Стамбульский экспресс
Шрифт:
— Wasser, [17] — прошептал доктор Циннер.
— Что вы хотите? — Она наклонилась над ним, вглядываясь в его лицо. — Позвать кого-нибудь?
Он не слышал.
— Хотите попить?
Он не замечал ее и все время повторял: «Wasser». Она знала, что он в бреду, но нервы ее уже не выдерживали, и она сердилась на то, что он не в состоянии отвечать ей.
— Ну ладно, тогда лежите здесь. Я сделала все, что могу, это уж точно.
Она отползла от него как можно дальше и попыталась заснуть, но стены сарая дрожали, и это не давало ей спать. Стоны ветра обостряли ее одиночество, и она подползла обратно к доктору Циннеру, чтобы найти утешение вблизи живого существа.
17
Воды (нем.)
— Wasser, —
Она дотронулась рукой до его лица и удивилась, какой горячей и сухой была его кожа. «Наверное, он хочет воды», — подумала она и с минуту размышляла, где взять воды, пока не сообразила, что вода падала с неба вокруг нее и нагромождалась сугробами у стен сарая. У нее возникло неясное сомнение: можно ли давать воду людям с высокой температурой? Но когда она вспомнила, какая сухая у него кожа, жалость взяла верх.
Хотя вокруг Корал всюду была вода, быстро достать ее оказалось нелегко. Ей пришлось зажечь два жгута и, пока они горели, вылезти из норы, устроенной среди мешков. Она смело открыла дверь. Теперь она отчасти желала, чтобы их обнаружили, но ночь была темная и вокруг никого не было видно. Она набрала горсть снега, вернулась в сарай и закрыла дверь; когда она закрывала ее, сквозняк задул ее факел.
Она окликнула доктора Циннера, но он не ответил, и она испугалась при мысли, что он, возможно, уже умер. Закрывая одной рукой лицо, она шагнула вперед, но натолкнулась на стену. Она помедлила один миг, но тут же обрадовалась, услышав какое-то движение, и пошла в ту сторону, но снова наткнулась на стену. Все больше пугаясь, она подумала: «Наверное, это шевелилась крыса». Снег у нее в руке уже начал таять. Она опять окликнула доктора, и на этот раз он ответил шепотом. Она отпрянула — он оказался совсем близко от нее — и, протянув руку в сторону, сразу же нащупала баррикаду из мешков. Она засмеялась, но тут же приказала себе: «Не впадай в истерику. Все лежит на тебе» — и попыталась утешиться, уверяя себя, что впервые исполняет главную роль, доступную только для звезды, но в темноте и без аплодисментов играть с блеском было нелегко.
Пока Корал искала нору среди мешков, большая часть снега растаяла или просыпалась, но она прижала остатки к губам доктора. Видимо, ему от этого полегчало. Он лежал тихо и очень спокойно, пока снег на его губах таял и просачивался в рот сквозь зубы.
Она зажгла жгут бумаги, чтобы посмотреть на его лицо, и удивилась, какой у него осмысленный взгляд. Она заговорила с ним, но он был поглощен своими мыслями и не ответил.

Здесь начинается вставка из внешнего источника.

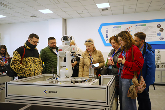 随后,双方就课程结构、学生实习实践等问题展开交流,对学校崭新的设备设施感叹,表示祝贺。

Циннер серьезно обдумал свое положение, смысл своей второй неудачи. Он знал, что умирает; он пришел в чувство из-за прикосновения холодного снега к языку и после минутного замешательства вспомнил все. По источнику боли он мог определить, куда попала пуля, понимал, что его лихорадит и что у него смертельное внутреннее кровотечение. На миг он подумал, что его долг — смахнуть снег с губ, но потом понял: нет у него никакого долга, кроме как перед самим собой.

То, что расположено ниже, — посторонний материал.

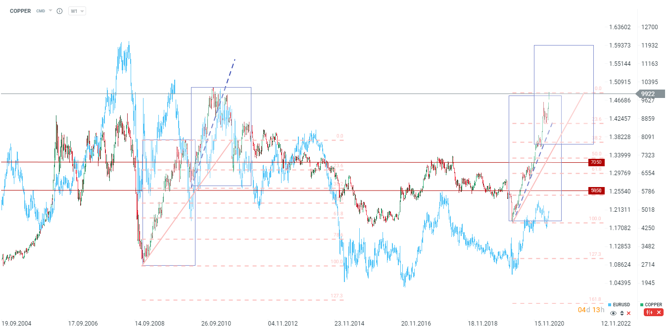 Should the history repeat itself, copper could in theory rally towards $12,000 per tonne over the 24-26 month period starting with last years' local low. This would hint at the $12,000 mark being reached near mid-2022. However, back in 2008-2011 period, copper price gains were supported by weak USD. Currently, the US dollar remains expansive in historical terms. Source: xStation5

Когда девушка зажгла жгут, он думал: «Грюнлиху удалось бежать». Его забавляла мысль о том, как тяжело будет сбежавшему христианину вымолить прощение за его, доктора, смерть. Он усмехнулся. Но потом его христианское воспитание взяло верх над иронией, и он начал вспоминать события последних нескольких дней, стараясь определить, в чем ошибся и почему другим повезло. Он видел, как экспресс, в котором они ехали, несется, словно ракета, рассекающая темное небо. Его обхаживали с любой хитростью, на какую только были способны, пробуя и то и другое, балансируя то в одном, то в другом направлении. Тут надо было обладать чутьем. Быть очень уступчивым, ко всему приспосабливаться. Снег на губах совсем растаял и уже не облегчал его страданий. Прежде чем жгут догорел до конца, взор его затуманился и большой сарай с кучей мешков погрузился во тьму. Он не сознавал, что находится в сарае; ему казалось, будто его покинули, а сарай исчезал у него на глазах. Сознание его помутилось, и он стал падать в бесконечность, задыхаясь, с продуваемой сквозняком пустотой в голове и в груди, потому что он не мог удержать равновесие — под ногами у него был то корабль, то комета, то земной шар или всего лишь скорый поезд из Остенде в Стамбул. Его отец и мать склоняли над ним морщинистые худые лица, они следовали за ним в небеса, мимо стремительно несущихся звезд, и говорили, как они счастливы и полны благодарности, — ведь он совершил все возможное и остался верным своему делу. Он задыхался и не мог ничего сказать в ответ, его тянуло вниз земное притяжение, причиняя невыносимую боль. Он хотел сказать им, что верность была его проклятием, что необходимо менять свой путь. Но пока он падал и падал в страшных мучениях, ему пришлось выслушивать их лицемерные утешения.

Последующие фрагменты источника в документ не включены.